Dr de Marco had good news to report when he spoke in Parliament last week after moving the estimates of the Malta Tourism Authority. Hotels were nearing the break-even ratio. Over the past 19 months the tourism industry was making constant progress. Growth in the first four months of this year stood at 15 per cent. The 1.24 million tourists who visited Malta last year spent €1.58 billion, or six per cent more than in the previous year. And the return on investment was unprecedented: tourists spent over €81.53 (Lm35) for every €2.33 (Lm1) invested.

These positive trends were also reflected in the regular BOV-MHRA survey and, again, in data issued by the National Statistics Office on Friday.

Against this background, it was somewhat perplexing to hear the president of the Malta Hotels and Restaurants Association pour cold water on the positive results emanating from the BOV-MHRA survey. Of course, it is always wise to be cautious when dealing with an industry as volatile as tourism. But credit, and encouragement, must be given where due especially when one bears in mind the poor performance of the industry just a few months back, the rising fuel and food prices and the economic crunch that is affecting a number of countries, including some that are among Malta's main tourism markets.

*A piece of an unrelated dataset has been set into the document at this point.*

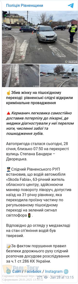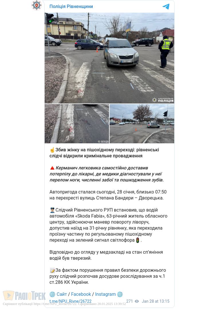 Там 63-річний рівнянин, керуючи легковиком «Skoda Fabia», повертав ліворуч та наїхав на 31-річну жінку. Вона переходила дорогу по регульованому пішохідному переході на зелений сигнал.

The positive performance did not come about just by luck. True, low-cost carriers have contributed to boosting the number of arrivals. But they could have had serious repercussions on the national carrier had the company not resolved to turn a challenge into an opportunity. Indeed, Dr de Marco told Parliament that Air Malta managed to increase the number of passengers it carried by 45.8 per cent.

Air Malta is evidently looking at avenues that will give it exposure, muscle and, thus, guarantee more filling of seats. Take its recent agreement with Turkish Airlines which gives it the potential of 140 destinations as of this summer. Turkish Airlines is a member of the huge Star Alliance, as indeed is Lufthansa with which Air Malta also works very closely. Air Malta is putting its money where its mouth is.

And that too is what the country must do. As Dr de Marco had occasion to point out lately, the key to future success in tourism is competitiveness. Product Malta must sell and to sell - it bears repeating - it must have the right ingredients, be effectively marketed and then retain standards throughout, including good value for money. Alas, prices and product still leave a lot to be desired.

It is on these areas that Dr de Marco is known to be focusing and he deserves all the help he can get, mainly from stakeholders but also from all the inhabitants of this tiny island.

There is no need to continue considering Malta as the Mediterranean's best-kept secret.